Post # 1
I’m getting ready to send out my invites and I just wanted to make sure you all didn’t see anything wrong with them. I am mainly concerned about the wording and the format of the RSVP card. I know that they are simple, but we are going for a very simple/clean look.
Suggestions are appreciated. Thanks.
Post # 3
I think they look great! Really crisp and clean. And I like the roughed up/torn edge.

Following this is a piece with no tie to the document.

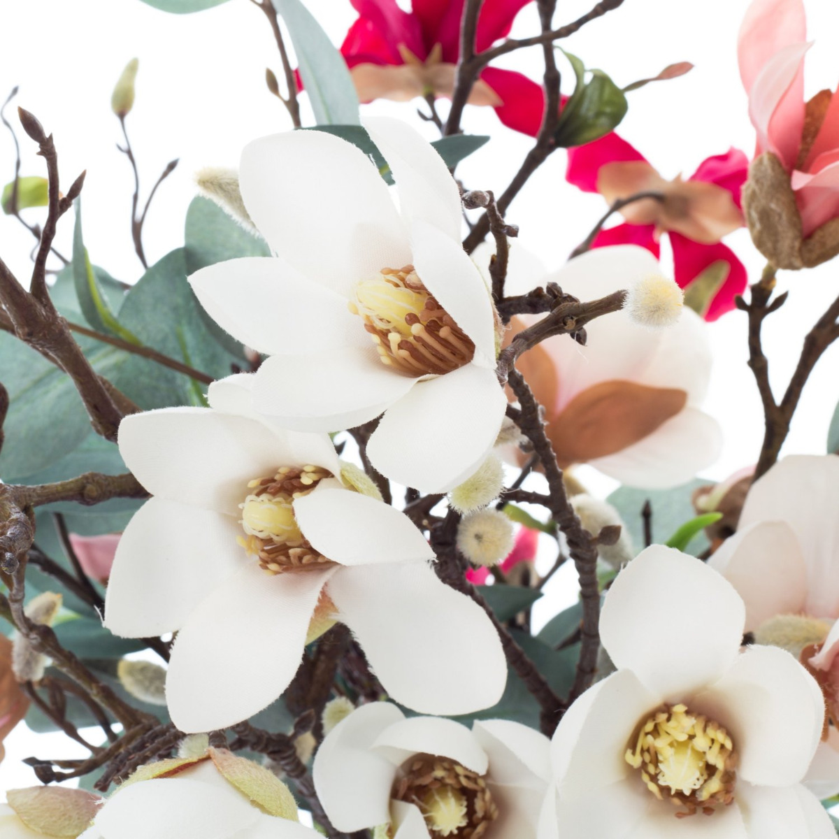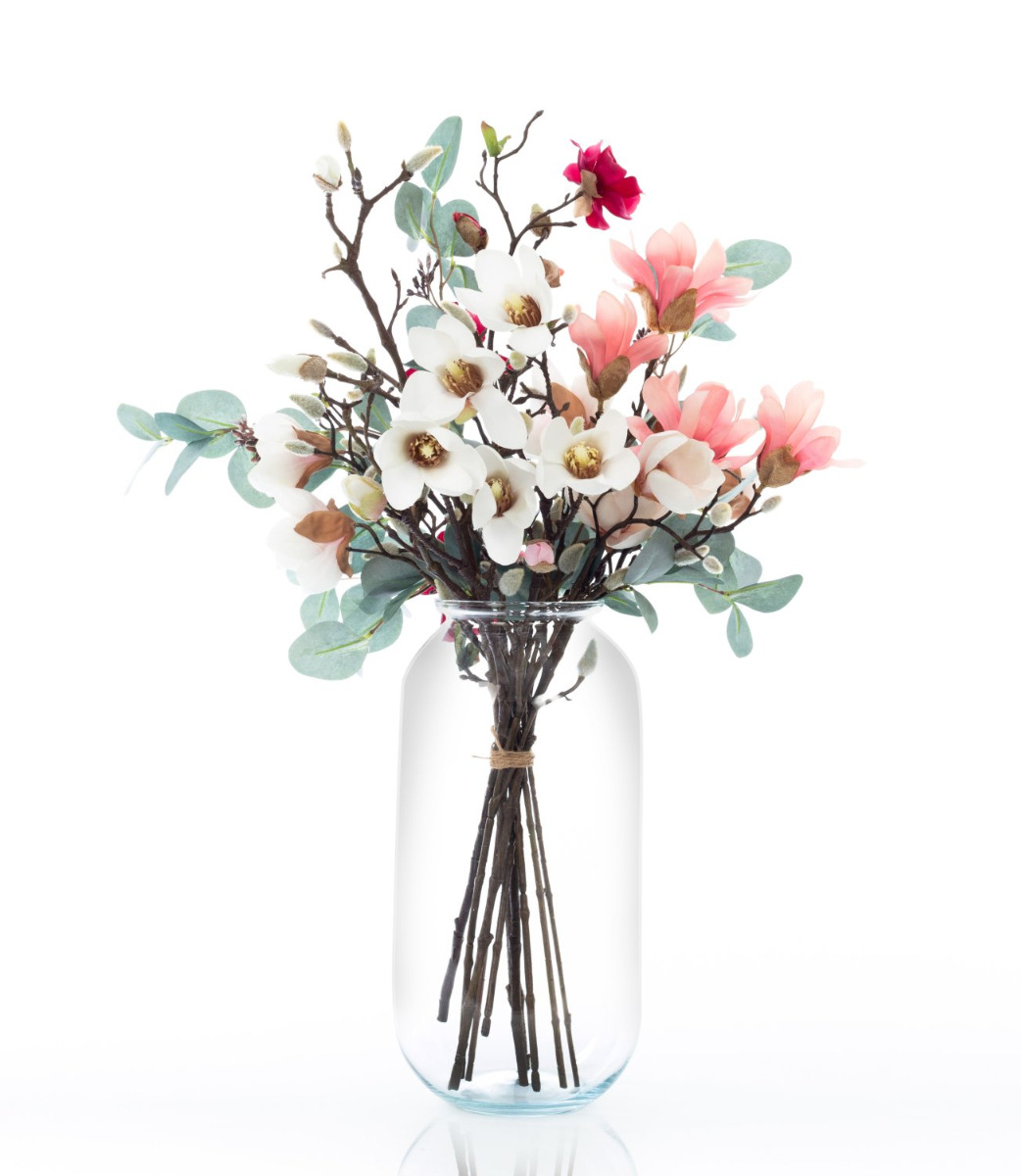 Bouquet de magnolias décoratif MERISA, blanc-rose, 70cm, Ø40cm

If anything, maybe make the reception card font a point bigger, but if they are already printed, then it’s not a worry.
Post # 4
Not printed yet and I think that is a great suggestion. Thanks! 🙂
Post # 5
Simple and elegant. I love it.
Post # 6
I LOVE this design! They look perfect wedding elegant! I especially love the information card, and all the texture! Great job!
Post # 7
I love how simple and elegant they are.
Post # 8
The texture of your invites is beautiful!
Just one correction (I’ve been reading some other invite threads) – is it supposed to be “two thousand eleven” rather than “two thousand and eleven”?
Post # 9
@thesejoy: I’m not sure. According to this webstie:
Writing The Date
When writing the date, all days and numbers should be spelled out. The day is written first, then the date and month. The year is written on the following line. Example:
Saturday the fourth of September
two thousand and ten
When writing the year, the tradition is to use the British wording (example: two thousand and ten) but it is also acceptable to use the American wording (two thousand ten).
Post # 10
Most of the invitation ordering websites have the “and eleven” wording.
Post # 11
@jackie_t4701: I don’t normally design with “and eleven” because it’s a number. The and in standard notation usually represents a “.” like when writing a check, “three hundred dollars and fourty one cents.”